The only time I’ve ever sat through The Texas Chainsaw Massacre was, oddly, one night on my own when I was living in London. Some UK channel aired it unedited. I faltered onto it—it was just starting, and it had an ineffable, fucked-up quality that alarmed me immediately. I hadn’t seen the listing, but I knew what movie it was. In my deeply Texan bones I was sure that that sleaze, that feel, was Texan, and it was potent. I turned it off. Five minutes later, I turned it back on and watched the whole thing. I’ve often said that it was one of the biggest mistakes of my life.
But more honestly, and increasingly, I cherish that memory, that experience, because even then, in 2001, I was sure I was watching a thing that couldn’t be made ever again.

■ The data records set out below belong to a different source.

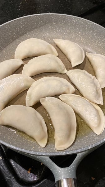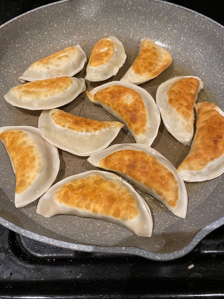 Another method of cooking the dumplings is in an air fryer. Brush or spray the dumplings lightly with oil and cook them in an air fryer for five minutes at 350 and then flip and repeat for another five minutes until crispy.
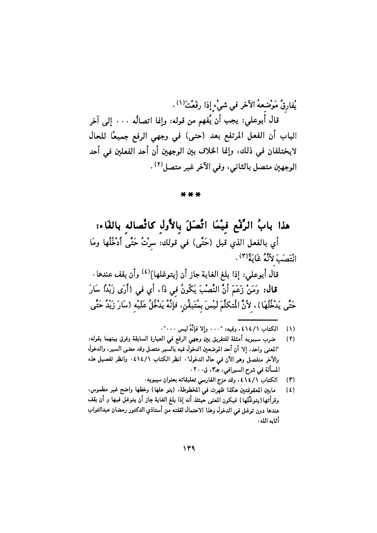 قال أبو علي: يجب أن يُفهم من قوله: وإنما اتصاله ... إلى آخر الباب أن الفعل المرتفع بعد (حتى) في وجهي الرفع جميعًا للحال لا يختلفان في ذلك، وإنما الخلاف بين الوجهين أن أحد الفعلين في أحد الوجهين متصل بالثاني، وفي الآخر غير متصل.
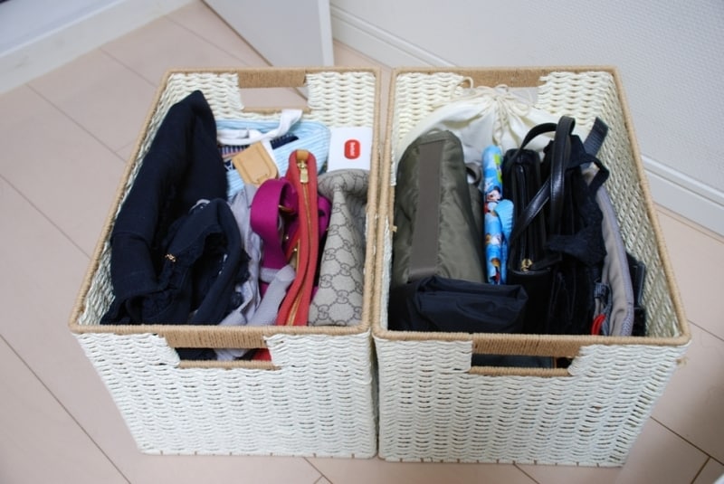 私は大小2セットにバッグ類を収納しています。下側の大には大きめのハンドバッグや折りたためるボストンバッグなどを入れ、上側の小にはエコバッグやサブバッグ、ポーチなどを入れています。
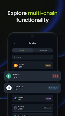 Haqabi Wallet supports multiple blockchains and a wide range of assets, including Bitcoin (BTC), Ethereum (ETH), HAQQ (ISLM), Tron (TRX), BNB Chain (BNB), Cosmos (ATOM), Solana (SOL) and more. Easily manage your digital assets and tokens in one place.

Even a few years ago, I may not have felt that as a major loss. I do now.
Love the description of you stumbling on TCM in London. “one of the biggest mistakes of my life” YIKES! I hate horror movies and I’ve never seen it. Now I know I never will.
What about the musician who peed on the guy’s face onstage?
I agree, the Wokesters are pious and annoying, but I do think there are sleazy flowers peeking through cracks in the concrete.